The perceptron — one neuron
Before we begin
Every neural network is built from the same brick: a perceptron (one artificial neuron).
Output = activation(weights · inputs + bias)
Module 1 dot products appear again — now with a bias and a non-linear activation.
Figure
Anatomy of one neuron
What you will learn
- Compute a perceptron output step by step.
- Explain linear separability.
- State why XOR needs more than one layer.
Before this lesson
The formula
For inputs and weights :
z = b + w₁x₁ + w₂x₂ + … + wₙxₙ
Then a = activation(z) — e.g. ReLU(z) or sigmoid(z).
- b — bias (shifts the decision boundary)

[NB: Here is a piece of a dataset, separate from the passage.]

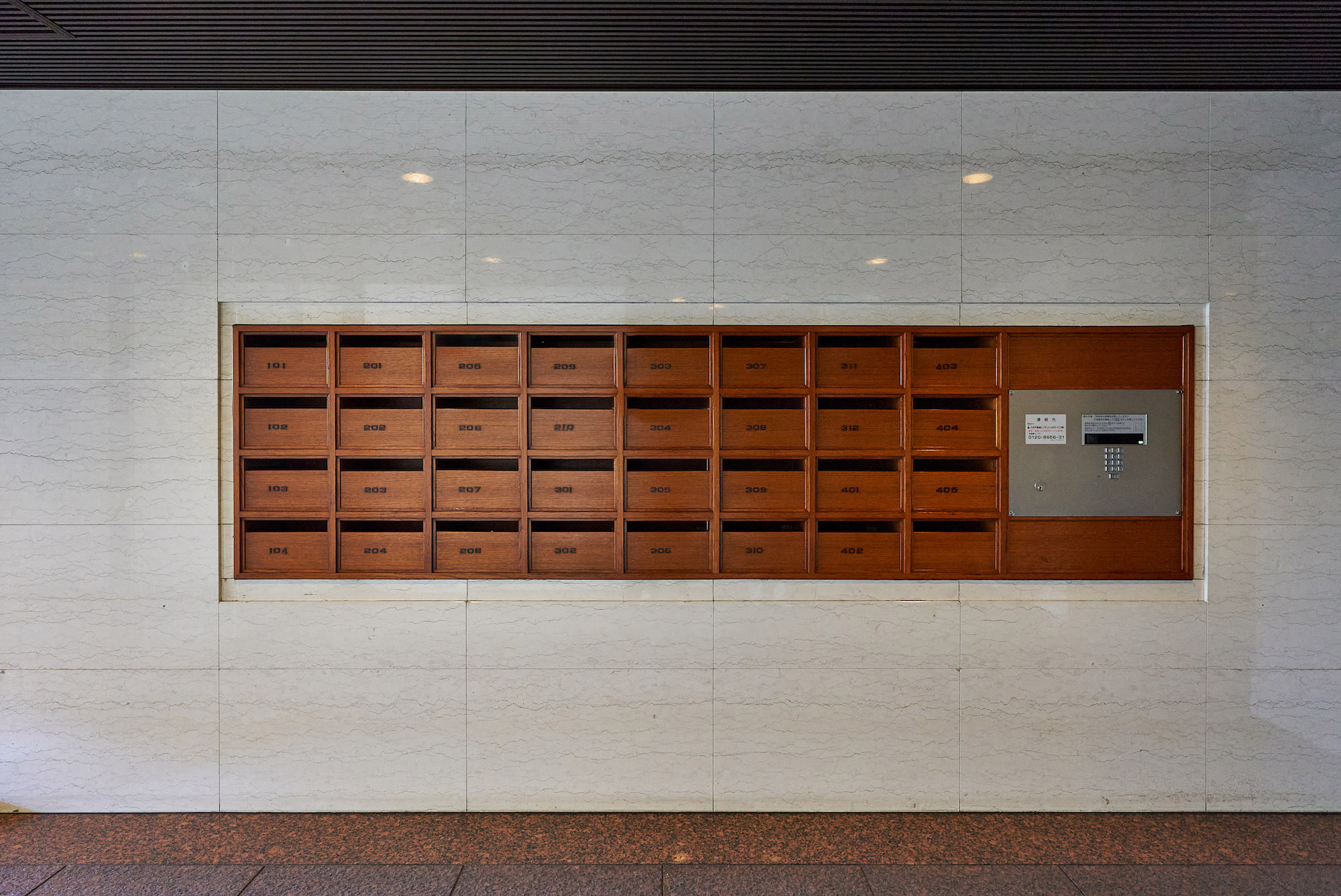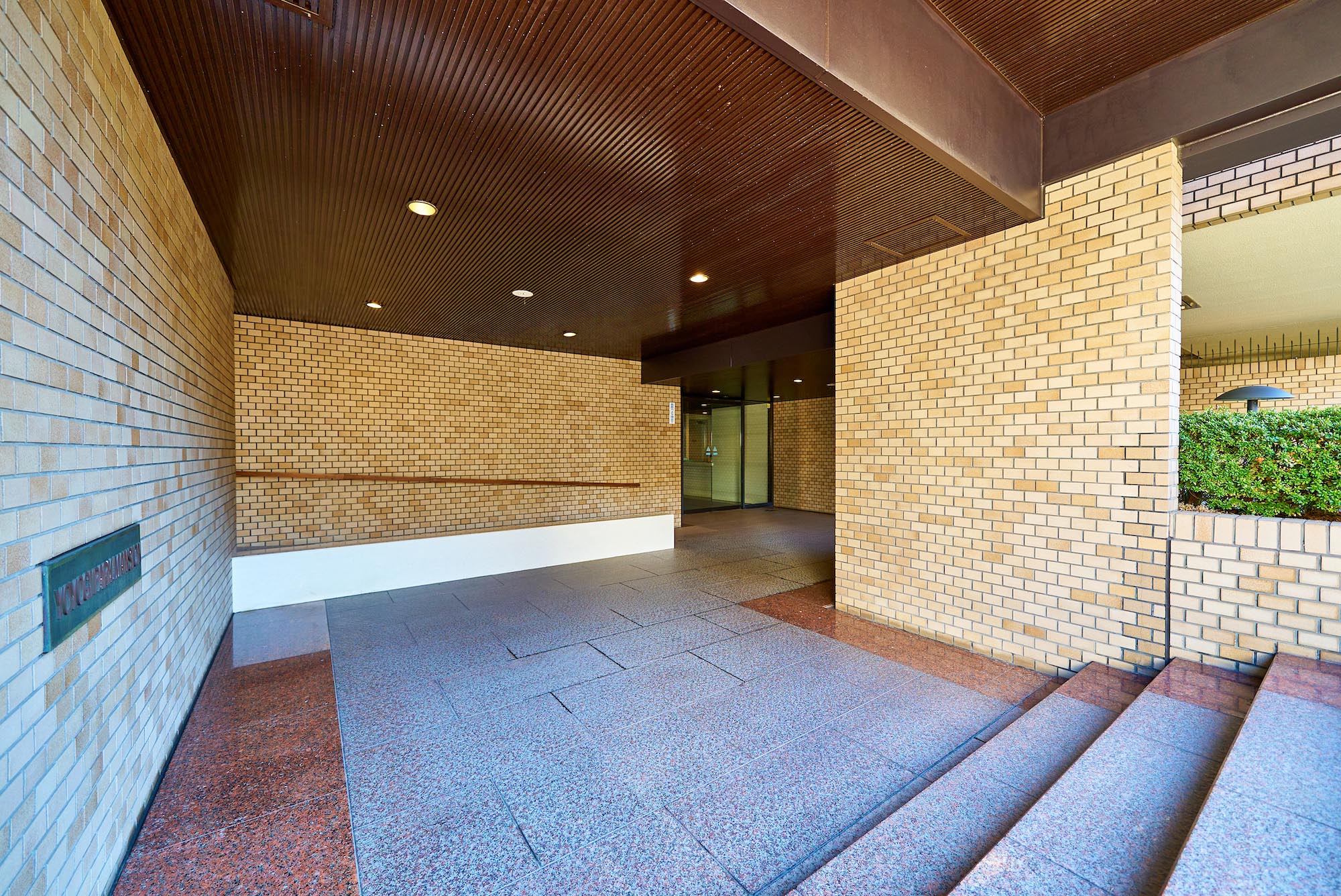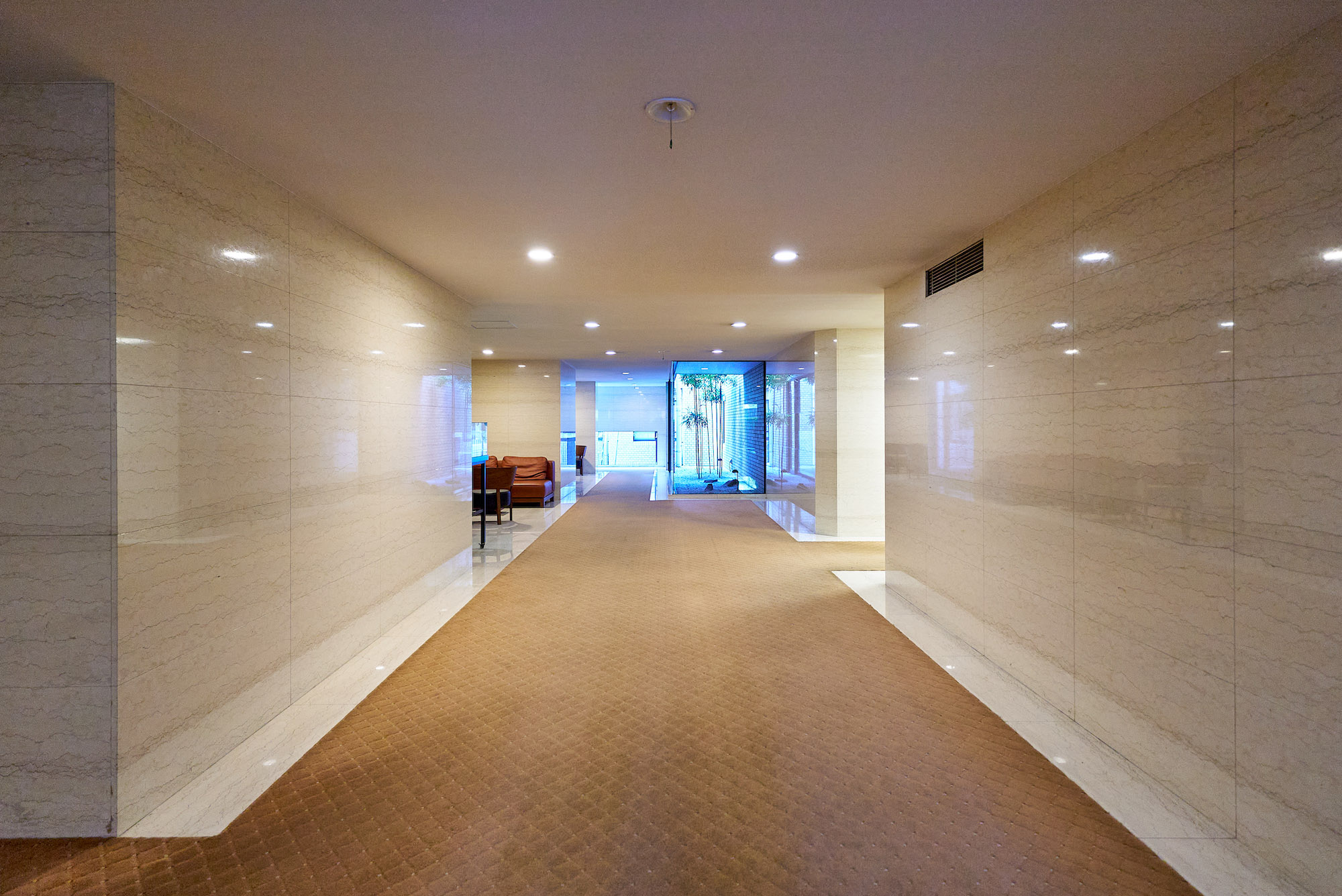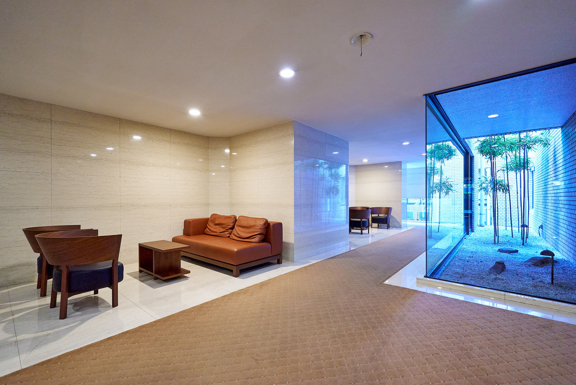 重厚感のある庇と鮮やかな植栽を携えた風格あるエントランス。数段の階段を下りた先にある入り口は、通りからの目線を避け、高いプライバシー性を確保しています。住まう方を迎えるのは、コンシェルジュカウンターとレトロなメールボックス、そして装飾が美しいガラス扉。その先には、気品あふれるエントランスホールが続いています。光を取り込む坪庭、上質な家具を備えたラウンジスペース、絨毯張りの床や高級素材の壁など、高い品格を醸す優雅な共用空間です。

- w — how much each input matters
This is exactly a dot product plus bias, then a function.
Tiny numeric example
Inputs x = [2, 1], weights w = [0.5, -1], bias b = 0.2
z = 0.2 + 0.5×2 + (-1)×1 = 0.2 + 1 - 1 = 0.2
If activation is ReLU: a = max(0, 0.2) = 0.2
If activation is step (z > 0 → 1 else 0): output = 1
Decision boundary intuition
One neuron with a linear activation before threshold draws a straight line (or hyperplane in higher dimensions) separating “activate” vs “don’t.”
It can learn AND and OR gates with the right weights. It cannot learn XOR alone — no single straight line separates XOR’s 1s from 0s.
That limitation motivated multi-layer networks — hidden neurons build new features, then the output combines them.
Checkpoint
Can one perceptron classify XOR perfectly?
Answer sketch
No. XOR is not linearly separable. You need at least one hidden layer (or a curved boundary).